### RECORD EXTRACTS
↓↓↓
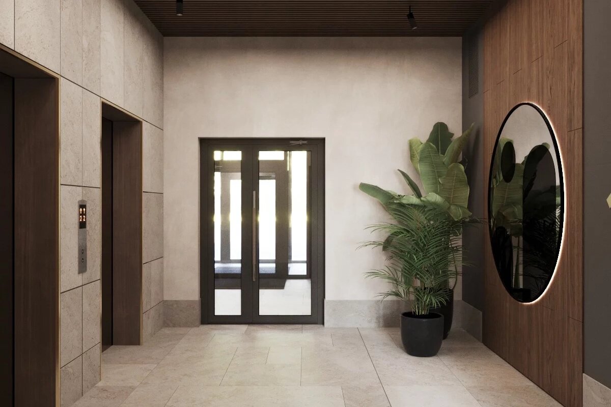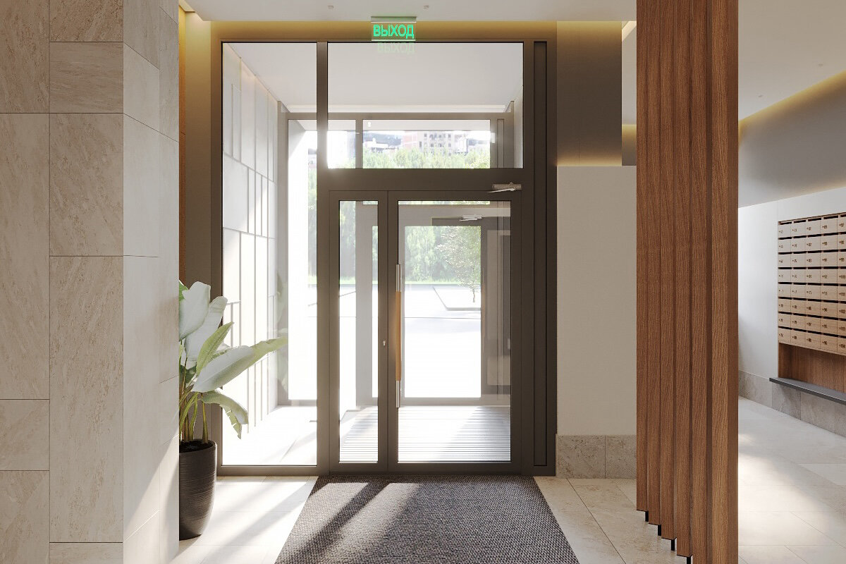 Входные группы. Подъезды имеют безбарьерный вход, для удобного прохода жителей с колясками, велосипедами и чемоданами. Высота потолков в лобби — 3,7 метра, здесь также разместятся мягкие зоны ожидания. По периметру комплекса и в подъездных холлах установлено видеонаблюдение.
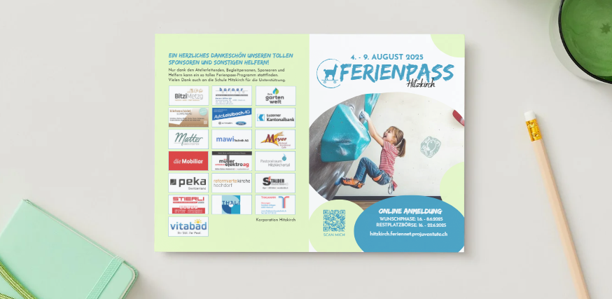 Startseite Aktuelles Flyer Ferienpass 2025 Flyer Ferienpass 2025 Den Flyer des diesjährigen Ferienpasses findet ihr hier. 11. Mai 2025 Flyer Ferienpass 2025 DIGITAL.pdf Kontakt Ferienpass Hitzkirch6285 Hitzkirchferienpass@schulen-hitzkirch.ch Weitere News Rückblick und Fotos Ferienpass 2025: Eine Woche voller Spiel, Spass und Staunen 22. August 2025 Impressionen Ferienpass 2024 08. August 2024 Flyer Ferienpass 2024 08. Mai 2024 Inhalt
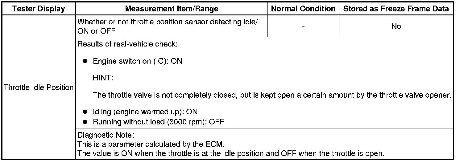 Normal Condition: If no conditions are specifically stated for "idling", the shift lever should be in N or P, the A/C switch should be off and all accessory switches should be off.
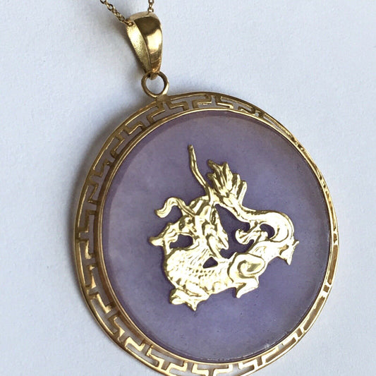 14k Solid Yellow Gold Circle Natural Lavender Jade Pendant Dragon Long Life 5.6g
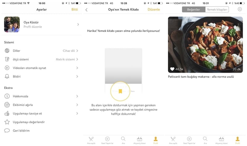 Alt menüde yer alan son bölüm ise Profil kısmı. Bu bölümde sevdiğiniz yemeklerden oluşan tariflerinizi yemek kitabı olarak saklayabilirsiniz. Ya da favori olarak seçtiğiniz tarifleri Beğeniler bölümü altında biriktirebilirsiniz. Ancak bunları yapmak için uygulamaya giriş yapmanız şart. Uygulamaya Facebook veya E-posta ile giriş yapabiliyorsunuz. Ayrıca kullanıcılara, bu bölüm altında dil, ölçü sistemi, bildirimler gibi özellikleri sonradan da değiştirme imkanı veriliyor.
↑↑↑
### PROBLEM DESCRIPTION
Could you repeat, exactly and with nothing else, the lines from the first line of the records through the line containing "Startseite Aktuelles Flyer"? Leave out the pictures.

### FINISHED TASK
 Входные группы. Подъезды имеют безбарьерный вход, для удобного прохода жителей с колясками, велосипедами и чемоданами. Высота потолков в лобби — 3,7 метра, здесь также разместятся мягкие зоны ожидания. По периметру комплекса и в подъездных холлах установлено видеонаблюдение.
 Startseite Aktuelles Flyer Ferienpass 2025 Flyer Ferienpass 2025 Den Flyer des diesjährigen Ferienpasses findet ihr hier. 11. Mai 2025 Flyer Ferienpass 2025 DIGITAL.pdf Kontakt Ferienpass Hitzkirch6285 Hitzkirchferienpass@schulen-hitzkirch.ch Weitere News Rückblick und Fotos Ferienpass 2025: Eine Woche voller Spiel, Spass und Staunen 22. August 2025 Impressionen Ferienpass 2024 08. August 2024 Flyer Ferienpass 2024 08. Mai 2024 Inhalt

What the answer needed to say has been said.